Single by Emmylou Harris

from the album The Ballad of Sally Rose
- B-side: "Light of the Stable"
- Released: January 1985
- Recorded: May 1984
- Studio: Treasure Isle Recorders
- Genre: Country
- Length: 3:43
- Label: Warner Bros.
- Songwriter(s): Emmylou Harris; Paul Kennerley;
- Producer(s): Paul Kennerley

Emmylou Harris singles chronology
| "Someone Like You" (1984) | "White Line" (1985) | "Timberline" (1985) |

= White Line (Emmylou Harris song) =

"White Line" is a song co-written and recorded by American singer Emmylou Harris. It was released in January 1985 as the lead single from Harris' album The Ballad of Sally Rose, which was her first of entirely self-composed material. "White Line" was a top 20 US country song and reached the top ten of the Canadian country chart. Harris wrote the song along with her then-husband Paul Kennerley.

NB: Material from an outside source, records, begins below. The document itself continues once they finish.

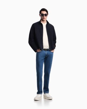 Long-sleeved polo shirt in a Lyocell blend jersey with a rounded micro eagle
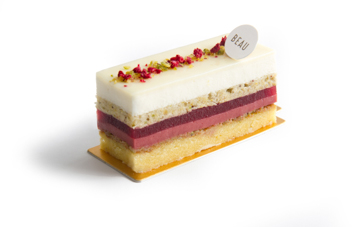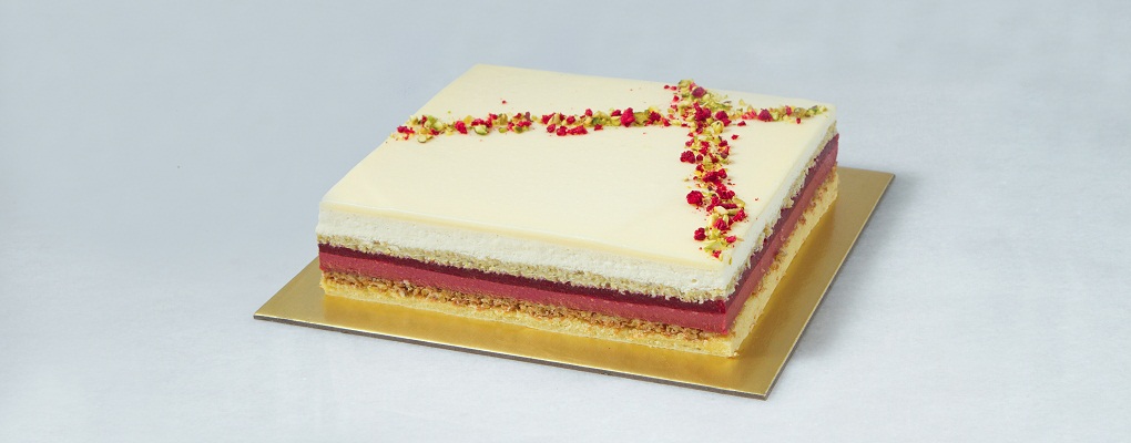 Our signature cake of raspberry, pistachio, white chocolate and yoghurt. Enlivened with popping candy and freeze dried raspberries, this cake is fun and full of surprises.
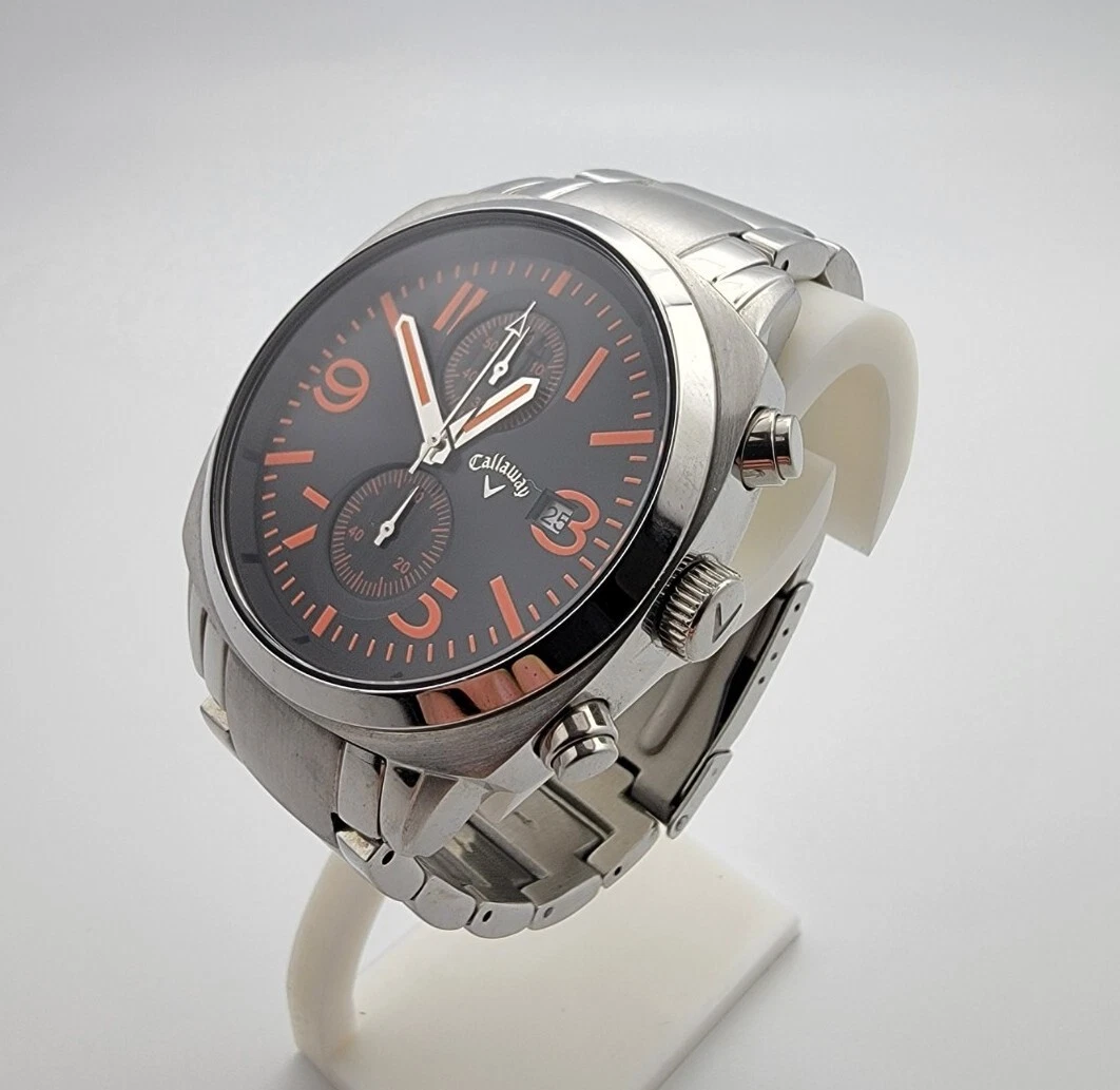 Men's Callaway CY2145 Stainless Calendar Chronograph Black/Orange Quartz Watch

==Background and recording==
Emmylou Harris had achieved commercial success using a country rock style adapted from her mentor Gram Parsons. For many years, she had commercial success collaborating with her producer (and then-husband) Brian Ahern. However, the couple divorced in the mid-1980s. Harris began her next studio album The Ballad of Sally Rose. It was Harris' first album that was entirely written or co-written by her. She received support from Paul Kennerley, who produced the project too. The pair would also marry. The first single off the album was "White Line", which was co-written by Harris and Kennerley. The song was recorded at Treasure Isle Recorders, a studio located in Nashville, Tennessee.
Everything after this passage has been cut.